With the pictures left out, copy the listing below exactly.

* Collected material:
>>>>>

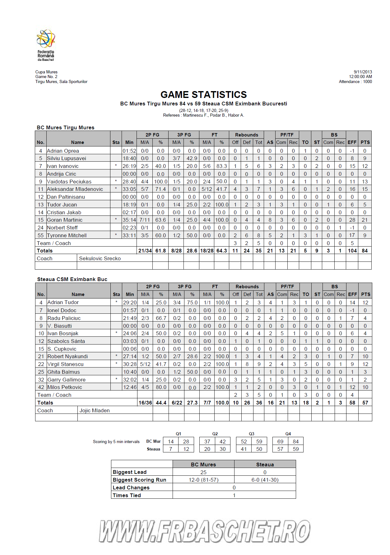 Cupa Mureș - statistica meciului BC Mureș - Steaua CSM București, scor 84-59
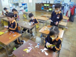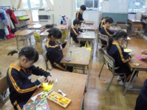 1年生は、6年生を送る会に向けて、6年生に渡すプレゼントのメダルを作っています。入学してからこれまで学校生活の様々な場面でやさしくお世話をしてくれたり、楽しく一緒に遊んでくれた6年生一人一人の顔を思い浮かべながら、心を込めて制作しています。6年生が喜んでくれるのを期待して、渡す日を楽しみにしている1年生でした。
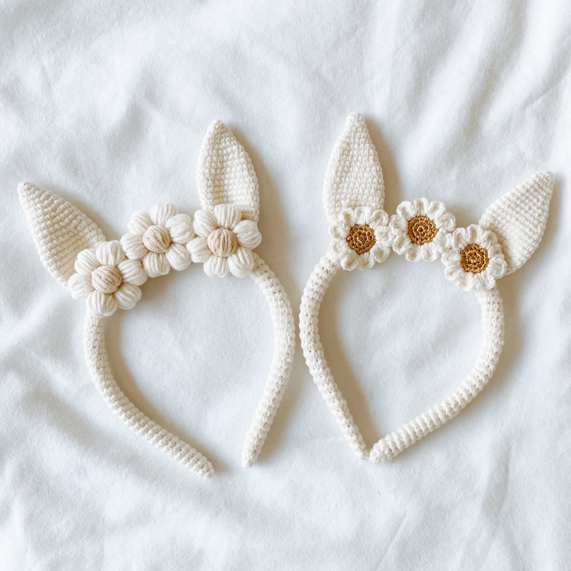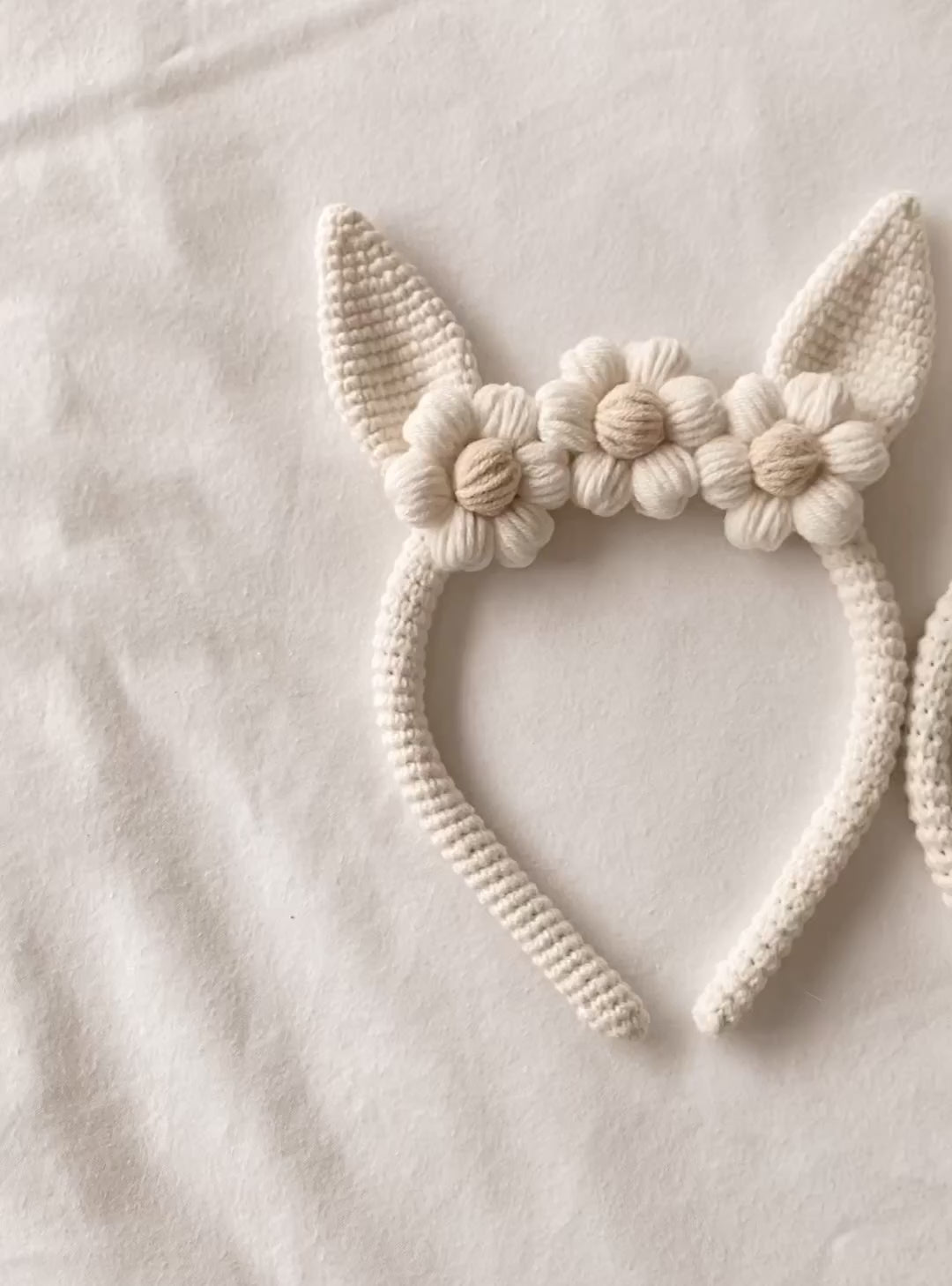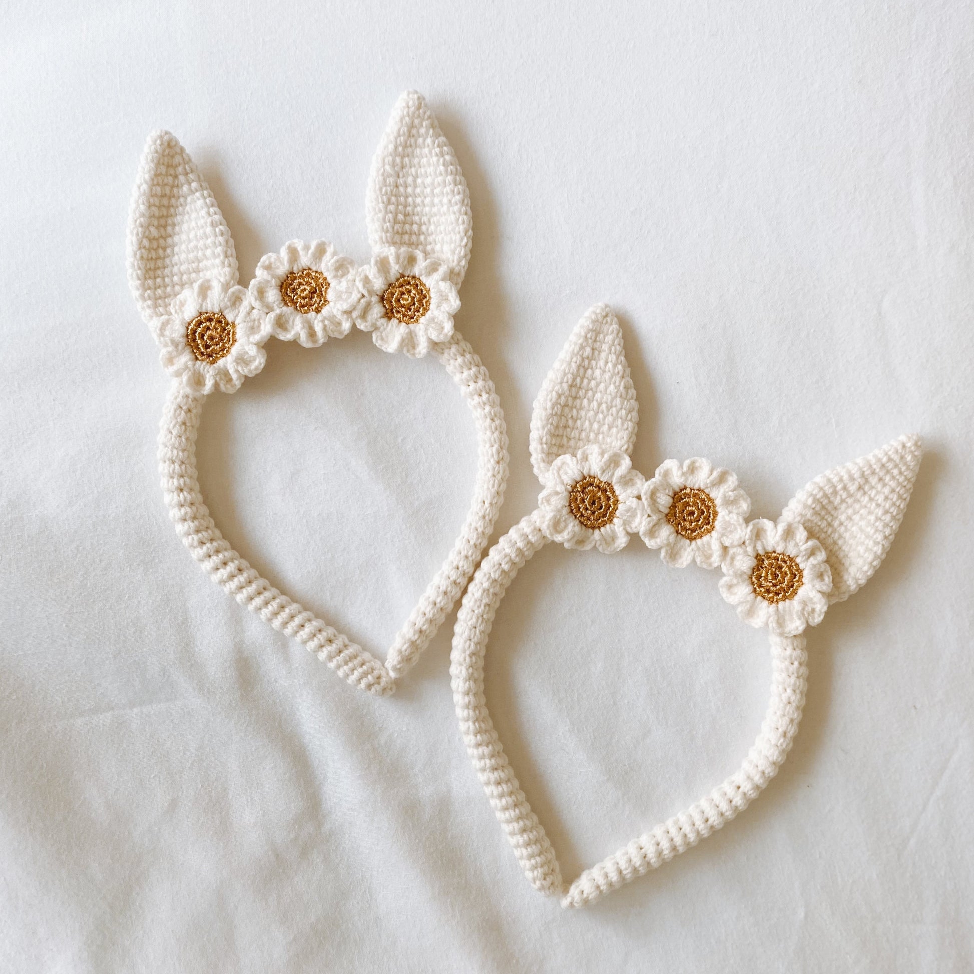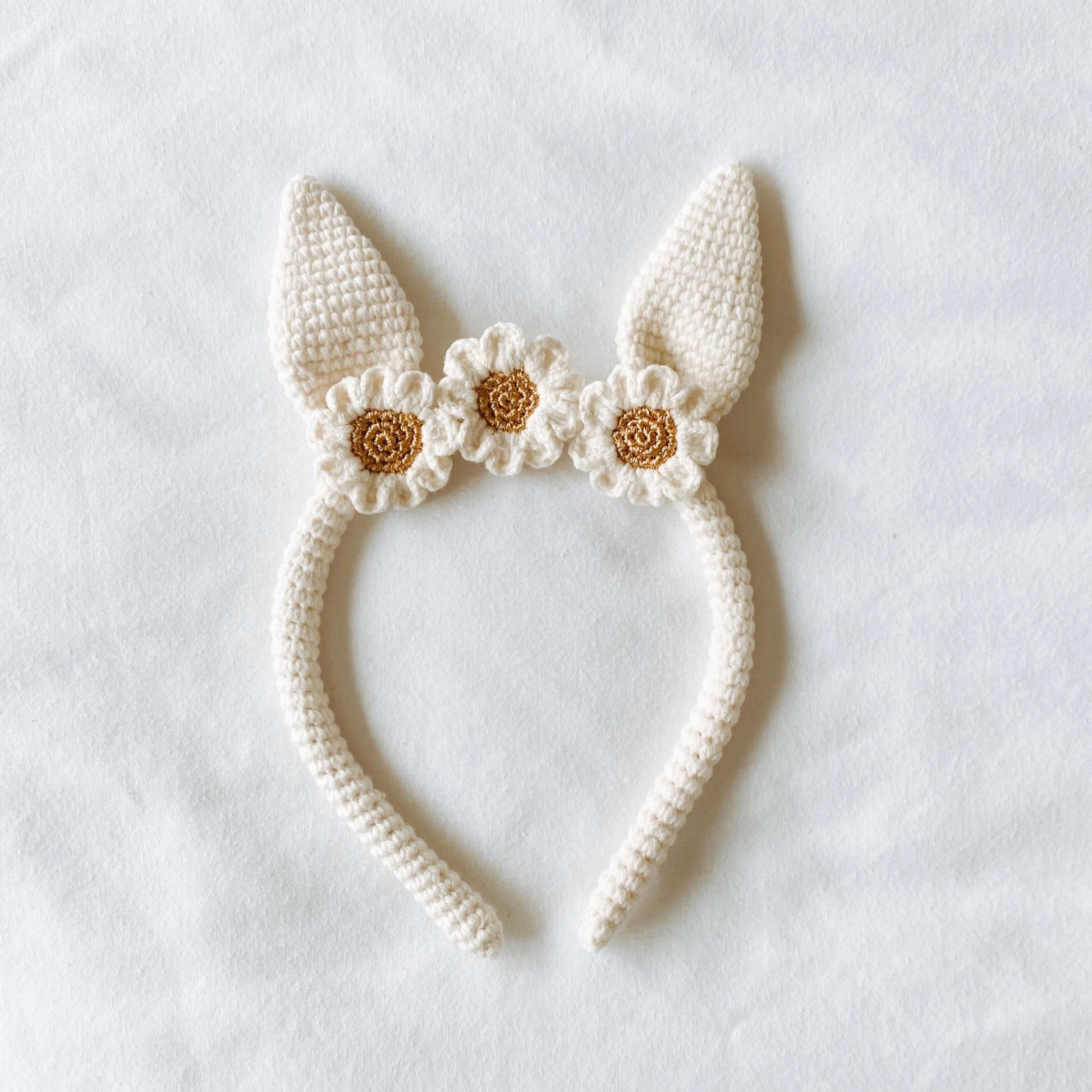 A beautiful handmade crochet headband with the cutest little bunny ears and flowers - The perfect accessory for Easter and Spring.

<<<<<

* Response to this exercise:
 Cupa Mureș - statistica meciului BC Mureș - Steaua CSM București, scor 84-59
 1年生は、6年生を送る会に向けて、6年生に渡すプレゼントのメダルを作っています。入学してからこれまで学校生活の様々な場面でやさしくお世話をしてくれたり、楽しく一緒に遊んでくれた6年生一人一人の顔を思い浮かべながら、心を込めて制作しています。6年生が喜んでくれるのを期待して、渡す日を楽しみにしている1年生でした。
 A beautiful handmade crochet headband with the cutest little bunny ears and flowers - The perfect accessory for Easter and Spring.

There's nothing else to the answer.